Results from the trial were presented at a conference of the International Society for Optics and Phototonics in February 2019.

Peterson began researching pressure ulcers during his doctoral studies at the University of Florida more than a decade ago. He eventually earned a Department of Defense research award to experiment with the computer-based pressure ulcer monitoring system.

Peterson and his team hope to expand on this research if the evaluation and feasibility studies go as expected. Successful testing of the instrument in a clinical setting means it will likely be available for use in VA spinal cord injury clinics, he says.

“Getting the system implemented in VA is the goal, so it can benefit all Veterans with spinal cord injury,” he says. “Also, we believe our system could be readily applied in the general population, not just people with spinal cord injury. Furthermore, we’d like to ultimately make this system available to lay providers, not only clinicians, for use in a home care setting. More research is needed to evaluate the clinical effectiveness of this tool for pressure ulcer monitoring, along with continuous improvement of the technology. We have more work to do.”

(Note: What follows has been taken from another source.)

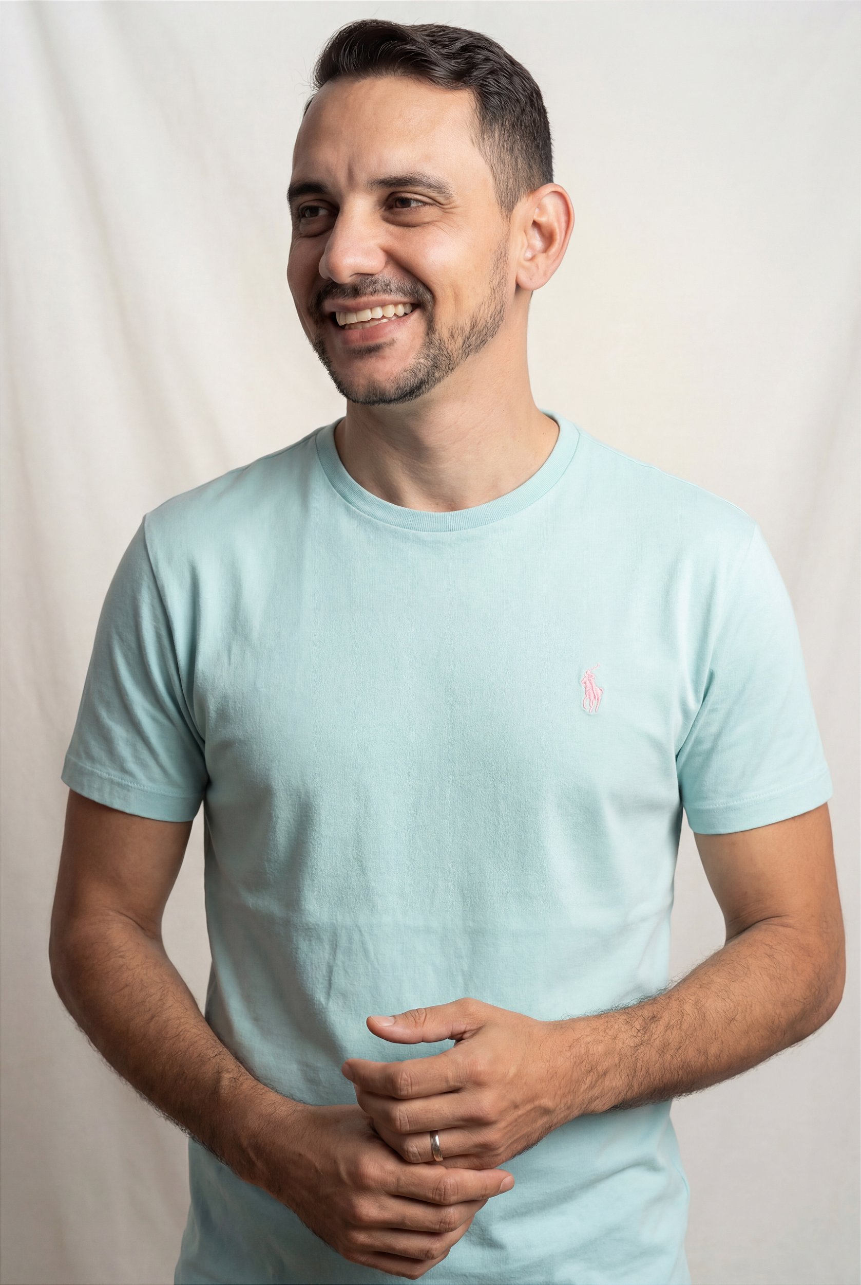 Camiseta Ralph Lauren masculina na cor azul bebê.

What’s the best way to treat a pressure ulcer? It’s a complex question, with a series of options that are dependent on the size and severity of the wound.

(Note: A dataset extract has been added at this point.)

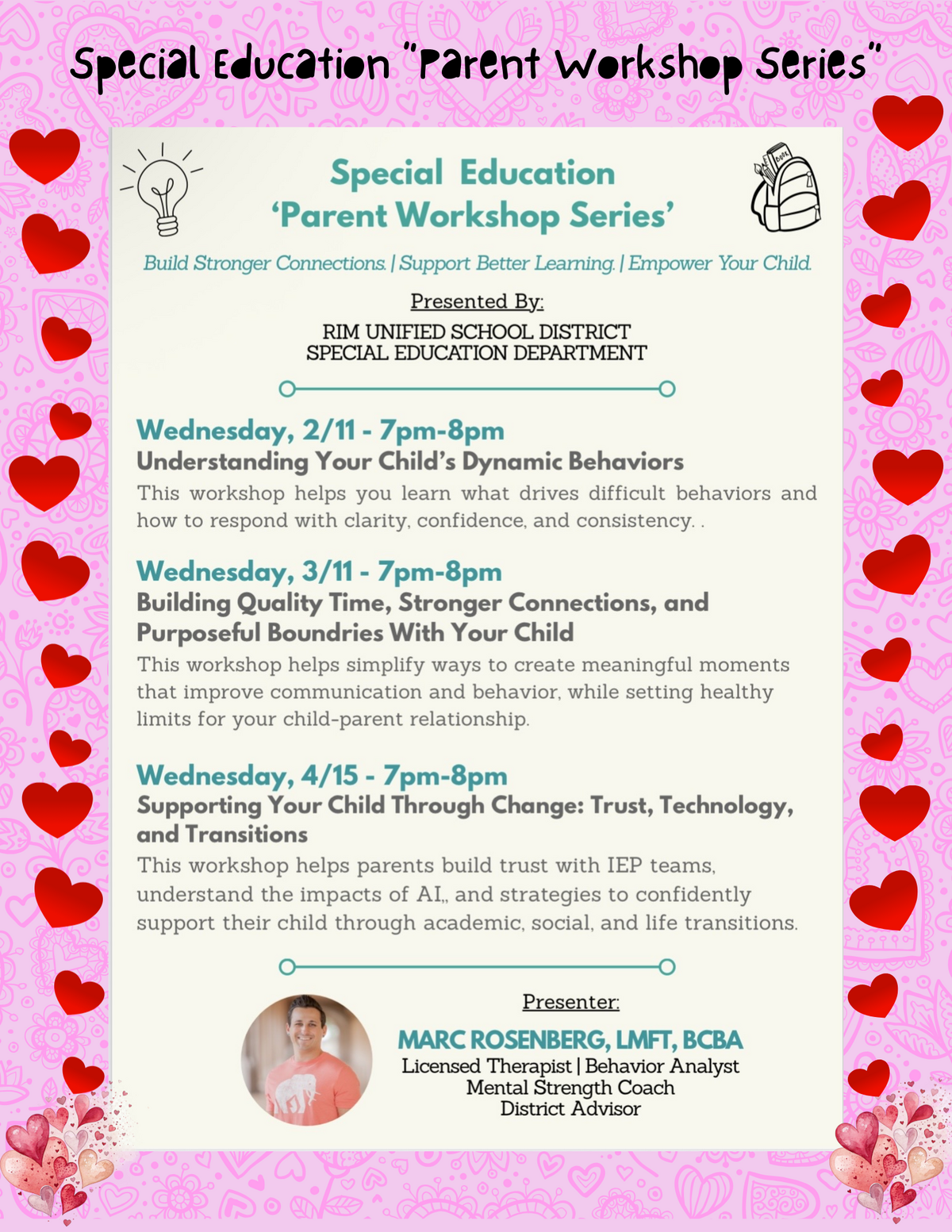 Wednesday, 4/15, 7 pm - 8 pm: Supporting Your Child Through Change: Trust, Technology, and Transitions: This workshop helps parents build trust with IEP teams, understand the impact of AI, and strategies to confidently support their child through academic, social, and life transitions. Presenter: Marc Rosenberg, LMFT, BCBA

Dr. Linda Cowan, a nurse researcher and pressure ulcer expert at the James A. Haley Veterans’ Hospital in Tampa, Florida, is a co-investigator on Dr. Matthew Peterson’s work to develop a computer-based pressure ulcer measurement system (see main story). She explained how pressure ulcers are treated:

  • In a stage 1 pressure ulcer, the skin is intact. No topical treatment is needed unless the clinicians decide to use silicone dressings for additional padding. A specialty mattress or overlay may be used to help redistribute the pressure of the wound.
  • A stage 2 pressure ulcer is a partial thickness wound that extends into the skin’s first two layers, creating superficial skin loss. A hydrocolloid, an opaque or transparent dressing for a wound; a silicone border dressing; or a skin barrier cream are often used for a wound of this size.
  • Stage 3 and 4 pressure ulcers are full-thickness wounds that extend past the skin’s top two layers and into fat and muscle. Some may goll the way to the bone. The wound defects must be filled, and management of the moisture drainage is needed. Fillers include wound gels, gauze, alginates, foam, and hydrofibers. This type of wound also requires a protectant for the surrounding skin and a cover dressing like a bordered gauze or a hydrocolloid. The pressure ulcer may also be treated with ultrasound therapy, electric muscle stimulation, or a wound vacuum, which may help the injury heal quicker by draining excess fluid. The dressing frequency can range from twice a day to once every three days.